2.12 Genomic DNA extraction and phylogenetic analysis of rRNA genes

Genomic DNA was extracted using QIAamp DNA Mini Kit (QIAGEN, Düsseldorf, Germany) according to the manufacturer’s instructions. The bacterial 16S rRNA gene fragment was amplified using the bacterial universal primers fDl (5′ AGAGTTTGATCCTGGCTCAG-3′) and rDl (5′-AAGGAGGTGATCCAGCC-3′) (Weisburg et al. 1991). The amplification reaction mixture consisted of 1x PCR reaction buffer, 100 nM of each primer, 200 mM of each deoxyribonucleotide triphosphate, 0.25 Units Hot Star Taq DNA polymerase (Qiagen, Hilden, Germany) and 20 ng of bacterial DNA.

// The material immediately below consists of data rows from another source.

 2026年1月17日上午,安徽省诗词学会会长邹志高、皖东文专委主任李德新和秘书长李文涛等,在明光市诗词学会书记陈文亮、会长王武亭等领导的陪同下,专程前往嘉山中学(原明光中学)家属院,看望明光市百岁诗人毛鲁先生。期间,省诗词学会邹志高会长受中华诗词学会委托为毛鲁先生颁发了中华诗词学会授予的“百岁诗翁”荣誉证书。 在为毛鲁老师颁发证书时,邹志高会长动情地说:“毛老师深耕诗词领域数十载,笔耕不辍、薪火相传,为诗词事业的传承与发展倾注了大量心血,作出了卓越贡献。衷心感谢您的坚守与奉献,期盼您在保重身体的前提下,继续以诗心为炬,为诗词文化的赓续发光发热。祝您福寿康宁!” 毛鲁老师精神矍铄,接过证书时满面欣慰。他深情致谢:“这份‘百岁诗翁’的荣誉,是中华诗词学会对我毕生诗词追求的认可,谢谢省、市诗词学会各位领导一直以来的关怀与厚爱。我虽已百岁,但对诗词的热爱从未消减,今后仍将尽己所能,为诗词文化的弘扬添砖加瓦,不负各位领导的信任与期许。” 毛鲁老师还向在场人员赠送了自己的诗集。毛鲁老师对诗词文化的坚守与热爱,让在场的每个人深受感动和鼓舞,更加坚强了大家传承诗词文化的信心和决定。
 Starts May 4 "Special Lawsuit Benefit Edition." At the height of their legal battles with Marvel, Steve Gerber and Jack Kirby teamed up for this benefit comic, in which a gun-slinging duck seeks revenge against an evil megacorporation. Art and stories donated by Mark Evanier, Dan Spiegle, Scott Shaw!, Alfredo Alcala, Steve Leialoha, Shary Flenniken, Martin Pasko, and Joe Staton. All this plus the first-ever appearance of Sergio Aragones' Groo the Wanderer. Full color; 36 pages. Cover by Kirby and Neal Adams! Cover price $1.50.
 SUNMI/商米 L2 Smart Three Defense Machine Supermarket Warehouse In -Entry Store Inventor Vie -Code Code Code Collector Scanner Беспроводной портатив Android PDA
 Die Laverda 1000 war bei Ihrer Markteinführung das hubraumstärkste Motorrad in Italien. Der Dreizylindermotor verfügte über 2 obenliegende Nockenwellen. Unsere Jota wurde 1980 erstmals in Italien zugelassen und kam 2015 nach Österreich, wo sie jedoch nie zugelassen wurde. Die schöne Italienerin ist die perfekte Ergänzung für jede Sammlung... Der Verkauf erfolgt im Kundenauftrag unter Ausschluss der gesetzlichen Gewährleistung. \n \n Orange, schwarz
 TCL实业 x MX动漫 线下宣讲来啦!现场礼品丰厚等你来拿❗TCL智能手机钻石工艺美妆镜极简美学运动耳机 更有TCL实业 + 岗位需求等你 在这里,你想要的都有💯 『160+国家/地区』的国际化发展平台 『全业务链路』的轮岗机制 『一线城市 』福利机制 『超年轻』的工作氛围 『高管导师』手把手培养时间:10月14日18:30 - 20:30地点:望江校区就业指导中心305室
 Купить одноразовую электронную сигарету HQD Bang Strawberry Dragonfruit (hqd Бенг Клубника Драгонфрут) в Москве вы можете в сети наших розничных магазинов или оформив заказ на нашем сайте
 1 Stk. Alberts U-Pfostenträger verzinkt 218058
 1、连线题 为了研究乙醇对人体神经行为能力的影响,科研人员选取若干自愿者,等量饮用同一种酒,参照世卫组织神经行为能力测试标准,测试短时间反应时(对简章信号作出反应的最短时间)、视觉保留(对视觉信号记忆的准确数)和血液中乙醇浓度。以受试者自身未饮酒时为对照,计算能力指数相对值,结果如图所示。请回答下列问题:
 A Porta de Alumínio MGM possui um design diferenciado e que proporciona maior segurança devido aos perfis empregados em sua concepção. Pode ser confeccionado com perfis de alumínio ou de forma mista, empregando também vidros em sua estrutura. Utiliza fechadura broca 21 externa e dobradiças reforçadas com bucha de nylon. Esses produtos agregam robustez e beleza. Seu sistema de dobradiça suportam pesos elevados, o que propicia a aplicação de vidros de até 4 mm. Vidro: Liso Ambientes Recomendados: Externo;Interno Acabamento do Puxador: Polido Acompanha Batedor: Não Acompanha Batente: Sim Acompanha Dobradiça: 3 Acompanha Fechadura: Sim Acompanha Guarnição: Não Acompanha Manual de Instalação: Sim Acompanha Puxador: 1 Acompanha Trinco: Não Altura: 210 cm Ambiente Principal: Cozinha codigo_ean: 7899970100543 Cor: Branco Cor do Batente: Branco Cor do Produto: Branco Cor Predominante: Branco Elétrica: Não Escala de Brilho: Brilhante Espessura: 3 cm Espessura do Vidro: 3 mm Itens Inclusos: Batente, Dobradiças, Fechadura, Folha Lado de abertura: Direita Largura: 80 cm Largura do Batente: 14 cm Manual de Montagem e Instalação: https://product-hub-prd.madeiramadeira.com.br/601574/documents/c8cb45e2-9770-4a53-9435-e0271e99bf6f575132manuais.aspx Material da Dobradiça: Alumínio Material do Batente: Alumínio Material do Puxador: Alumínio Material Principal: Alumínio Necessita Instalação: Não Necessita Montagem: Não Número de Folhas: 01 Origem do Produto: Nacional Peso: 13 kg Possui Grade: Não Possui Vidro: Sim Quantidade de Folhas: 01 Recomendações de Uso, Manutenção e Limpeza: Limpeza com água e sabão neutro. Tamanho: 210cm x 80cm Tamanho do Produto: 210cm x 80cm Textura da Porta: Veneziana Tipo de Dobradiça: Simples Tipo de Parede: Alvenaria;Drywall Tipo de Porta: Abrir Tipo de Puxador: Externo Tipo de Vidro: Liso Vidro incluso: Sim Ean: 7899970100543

The PCR program consisted of an initial step activation of the enzyme at 95 °C for 15 min, followed by a step of denaturation at 95 °C for 15 min; 30 cycles of denaturation for 1 min at 95 °C, annealing for 1 min at 55 °C and elongation for 1.5 min at 72 °C, followed by a final elongation step at 72 °C for 7 min. The amplicons were gel-purified using the QIAquick Gel Extraction Kit (Qiagen, Hilden, Germany) according to the manufacturer’s instructions and bidirectionally sequenced using primers rD1 and fD1. A single strand sequence was obtained for the strain ML08.

The 16S rRNA gene sequences were subjected to a NCBI nucleotide and 16S rRNA gene BLAST search (http://blast.ncbi.nlm.nih.gov/Blast.cgi) to identify sequences of the highest similarity. Phylogenetic analysis was inferred using the Maximum-likelihood method and bootstrap support for each node was evaluated with 1000 replicates. The multiple sequence alignment of nucleotide sequences for creating Maximum-likelihood was inferred using free software MEGA 5.2.

The GenBank/EMBL/DDBJ accession numbers for the 16S rRNA gene are from KR476464 to KR476469.

3 Results

3.1 Rhizobial isolation

In this study, 40 strains were isolated from nodules of the wild legumes Medicago littoralis Rhode and Melilotus indicus (L.) All. plants harvested from the field of Touggourt’s Oases. Respectively, 15 isolates were from nodules of M. littoralis Rhode (MD1 to MD15) and 25 were from nodules of M. indicus (L.) All. (ML1 to ML25). All these isolates were fast growing bacteria (72 h), with smooth, semi-translucent circular colonies and produced abundant quantity of polysaccharide. The diameter of the colonies varied between 3 and 4 mm after 3 days of incubation. The colonies of two isolates from M. indicus were yellow, smooth with 1 to 2 mm of diameter after 3 days of incubation and did not produce polysaccharide.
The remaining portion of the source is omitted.